Monday, May 9, 2022

A Rich Life: What has made my faith stronger?

I think my faith has become stronger as I live through the best and worst moments of life. The best moments have made me stronger as I saw God at work and how he worked in the situations for my good. What seemed like the worst moments taught me to hold on to God tightly which made my faith stronger.

The best moments of my life include discovering and marrying my wonderful wife Diane for sure. Only God could have brought such different people together and kept us together for so many years. Trusting in God through this has definitely made my faith stronger. I am not always easy to live with and seeing Diane not give up on me is truly a gift from God.

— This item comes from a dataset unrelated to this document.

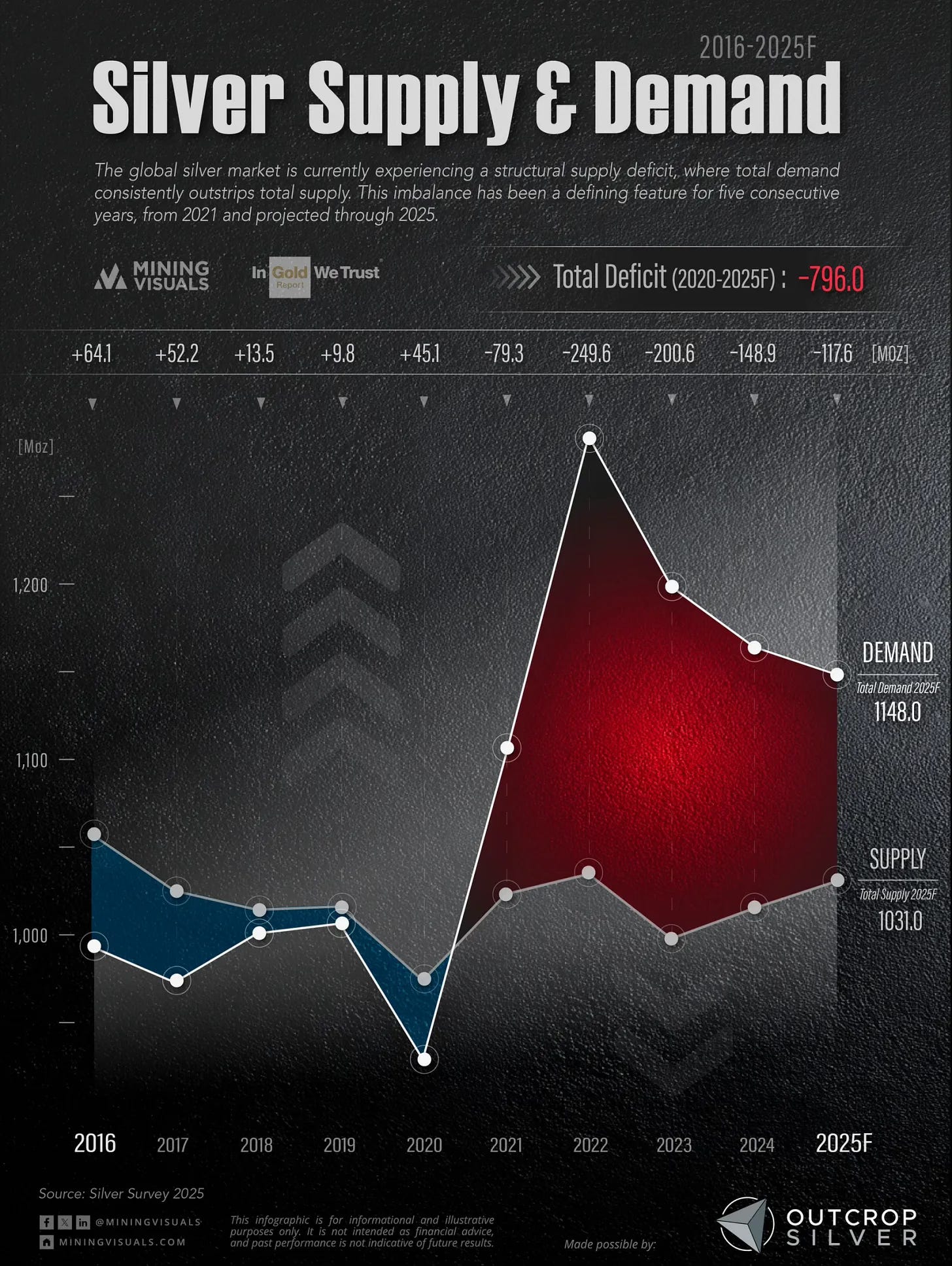 This is not about short-term disruptions. It is about the cumulative effect of underinvestment, declining ore grades, longer permitting cycles and rising political risk. And you can see this now in the silver market, which is why silver prices have been driven to record highs. Mining timelines that once took years now stretch into decades. Capital expenditure has lagged in real terms. Recycling helps, but it does not scale fast enough to compensate.

In marriage, I got to see a different aspect of God that I had not seen before. Some would call it the “female” part that can only be seen in a close relationship with a woman. Diane is so godly and so Christ-like and seeing it helps me discover God in new ways. My faith continues to be enriched by her daily life, her witness to me, of what a good mother truly is, of what our heavenly Parent fully is with all of the characteristics of One who is father and mother to us all. I knew God as Father before I met Diane, even though I am growing in that knowledge as well, but being with her lets me see how God cares for us as a hen cares for her chicks. Diane is such a good Momma and that shows me that side of God.

Other best moments of my life include the births and lives of my delightful daughters. Watching them be born and then grow as infants, children, teens, and into womanhood has been such a wonder to me. My faith has grown stronger trying to teach them, love them, and model for them a good father. They both have made the job easy because of their respect and love for me. I hold onto God tightly as I want God to be at the center of their lives as well yet know it is a decision and lifestyle that only they can choose for themselves. I pray for them daily and am so glad for the times we are together and the memories we have made over the years and continue to make. They strengthen my faith as I hold onto God and let them fly on their own yet let them know that I am here for them always.

Then there are the worst moments in life. The times that I have failed God and felt so terrible that I did. The times that I have hurt the ones I love and the times that I have been hurt so badly by others. In these times my faith has been strengthened as I was driven closer to God because there was nowhere else to go. 

In my times of failure, I have to admit that I didn’t feel right away that my faith got stronger. Usually, I felt like I was fighting through my failure and then realizing that I needed to trust God more. God was there for me but I was trying to deal with things on my own. Then when I wised up I asked God to forgive me for not calling on him for help right away and I told him that I needed him to see me through whatever it was. All of that took a while. There was no instant fix. Often I have been a slow learner. I still am but I want God more than anything and I’m holding on to him for dear life. Fortunately, God is and has been holding on to me as well. I am so grateful that he didn’t give up on me in my times of failure or in the times that I acted like I was sailing high on my own. All of this has made my faith stronger. I am definitely a work in progress.